- Available data -
________________________________________

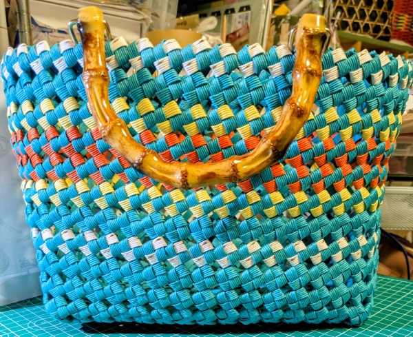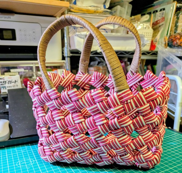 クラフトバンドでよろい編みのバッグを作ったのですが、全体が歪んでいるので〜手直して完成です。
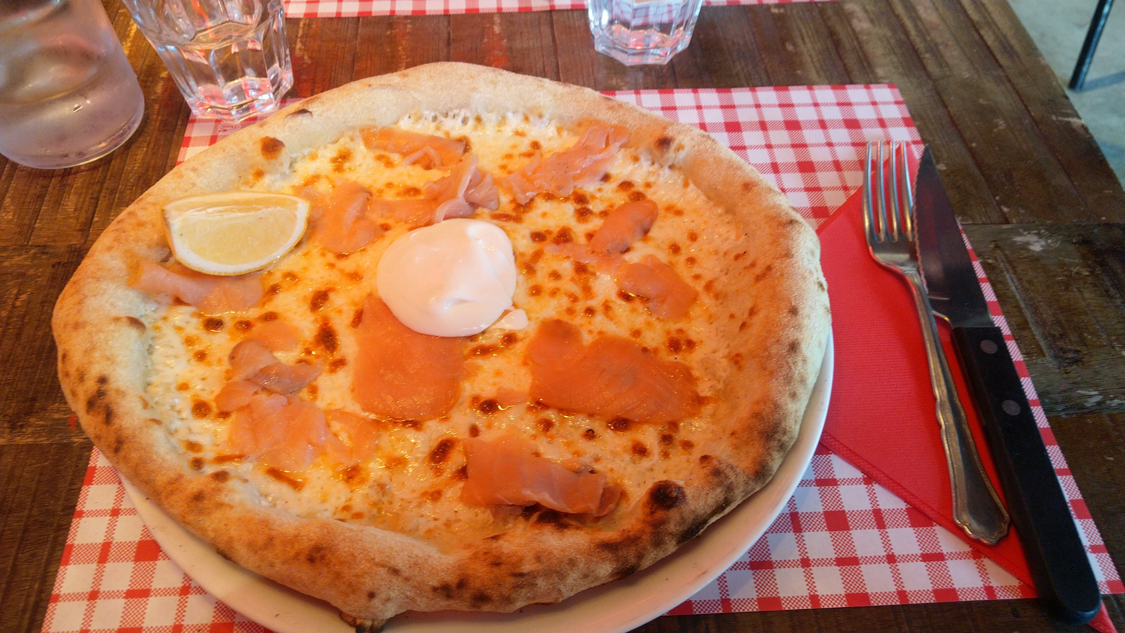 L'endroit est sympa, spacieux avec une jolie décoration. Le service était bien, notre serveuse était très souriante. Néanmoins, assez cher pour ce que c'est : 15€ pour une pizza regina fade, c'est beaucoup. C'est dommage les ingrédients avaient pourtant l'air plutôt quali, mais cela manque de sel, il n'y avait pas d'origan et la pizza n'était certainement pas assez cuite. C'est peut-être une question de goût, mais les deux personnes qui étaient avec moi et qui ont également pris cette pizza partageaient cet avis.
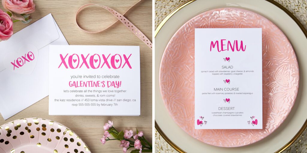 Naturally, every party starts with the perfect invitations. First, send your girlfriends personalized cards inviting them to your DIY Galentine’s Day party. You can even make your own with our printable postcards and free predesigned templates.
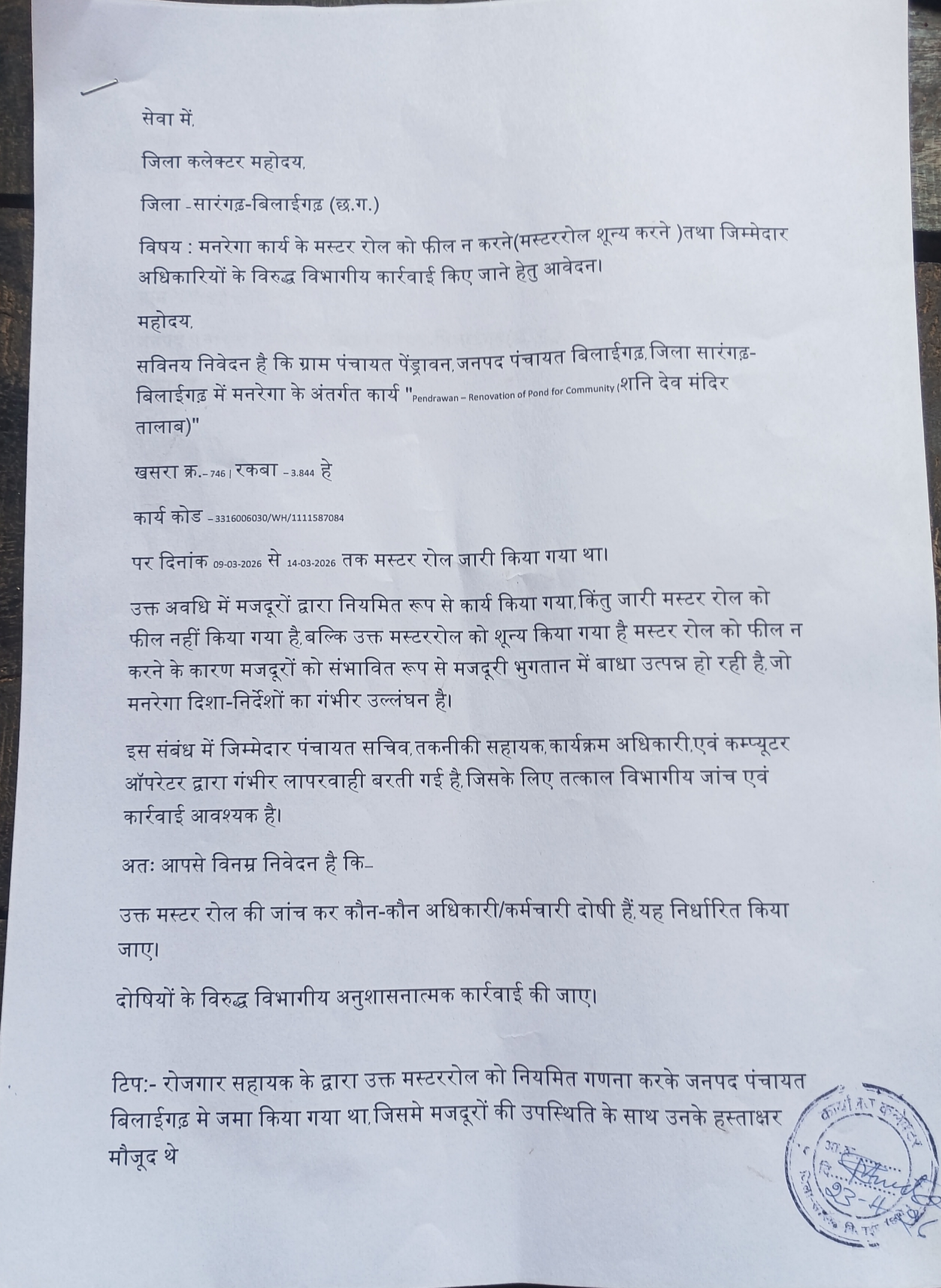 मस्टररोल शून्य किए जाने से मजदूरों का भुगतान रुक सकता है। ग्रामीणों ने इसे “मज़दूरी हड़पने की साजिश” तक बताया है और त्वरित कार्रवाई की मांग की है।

________________________________________

- Task item -
Give the data again exactly as written, with all pictures left out.

- Exercise result -
 クラフトバンドでよろい編みのバッグを作ったのですが、全体が歪んでいるので〜手直して完成です。
 L'endroit est sympa, spacieux avec une jolie décoration. Le service était bien, notre serveuse était très souriante. Néanmoins, assez cher pour ce que c'est : 15€ pour une pizza regina fade, c'est beaucoup. C'est dommage les ingrédients avaient pourtant l'air plutôt quali, mais cela manque de sel, il n'y avait pas d'origan et la pizza n'était certainement pas assez cuite. C'est peut-être une question de goût, mais les deux personnes qui étaient avec moi et qui ont également pris cette pizza partageaient cet avis.
 Naturally, every party starts with the perfect invitations. First, send your girlfriends personalized cards inviting them to your DIY Galentine’s Day party. You can even make your own with our printable postcards and free predesigned templates.
 मस्टररोल शून्य किए जाने से मजदूरों का भुगतान रुक सकता है। ग्रामीणों ने इसे “मज़दूरी हड़पने की साजिश” तक बताया है और त्वरित कार्रवाई की मांग की है।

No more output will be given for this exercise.